After recuperating from the thin air and general exhaustion, we spent a day on Lake Titicaca, 4,000 meters above sea level. The first inhabitants of the lake envisioned the coast line as a figure of a lion chasing a rabbit and named the lake “Grey Puma” in the local language of Aymara.
On the lake we visited a series of islas flotantes (floating islands), where small one-room houses rest on tightly packed layers of totora reeds. The plants are a spongy celery like material, rich in iodine. The residents peel away the skin and snack on the stalks, leaving their teeth bright white against their sun scorched cheeks.
It felt strange to be a tourist, unsure whether the islanders received a portion of our tour ticket. I still don’t understand the system of tipping. And I prefer not to barter for chuyos (traditional wool hats with ear flaps) knowing I’m only paying five dollars to begin with.
My anxiety regarding my tourist identity diminished slightly when I bought hand knit leg warmers at a local artesian market in Cusco. The woman rejoiced in the purchase as it was her first sale of the day. She made the sign of the cross on her chest and thanked me with a large sunrisa (smile).
In Arequipa we entered lower altitude and warmer weather, a city surrounded by snow capped volcanoes and Spanish monasteries. It was a relief to be in one place for more than a couple of nights. We settled in and even cooked dinner in the hostel kitchen one night – grilled cheese and tomato soup.
We took an overnight bus trip to the Canyon del Colca. During the four hour ride we passed through a national reserve where protected vicuna roam – an endangered species of llama with more delicate features and fine wool.
At the highest point of 4,800 meters, we stopped to view the surrounding volcanoes of el Misti and Chachani and the miniature rock piles that locals place at the side of the road as a traditional offering to the mountain gods.

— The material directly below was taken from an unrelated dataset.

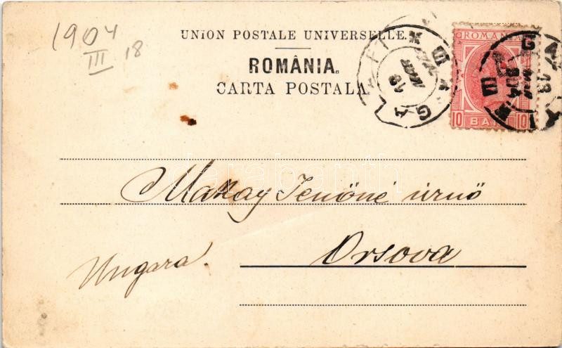 Leírás: 1904 Galati, Galatz; Piata Regala cu Strada Mare / street view, tram, shops. Edit. Anton Pappadopol. Fot. G. Maksay (small tear)

On our tour of the canyon, we stopped at cliff side miradores (lookouts), where ceramic bird whistles and embroidered bags were sold. We waited to view one of the gigantic Andean condors soar up and out of the canyon. Having seen none, I didn’t leave disappointed but felt full of fresh mountain air with eyes wide in disbelief of the geological beauty.
Now back in Huanuco, I can close my eyes and see the mossy green carpet of Maccu Piccu and feel the stinging sun reflecting off the grey waves of Lake Titicaca. I can picture the detailed stitching of the traditional vestimiento of the women in Chivay and remember our dinner conversations after a day of sightseeing.
It’s a relief to unpack my bags and find that returning home to Huanuco does feeling like I’m actually returning home.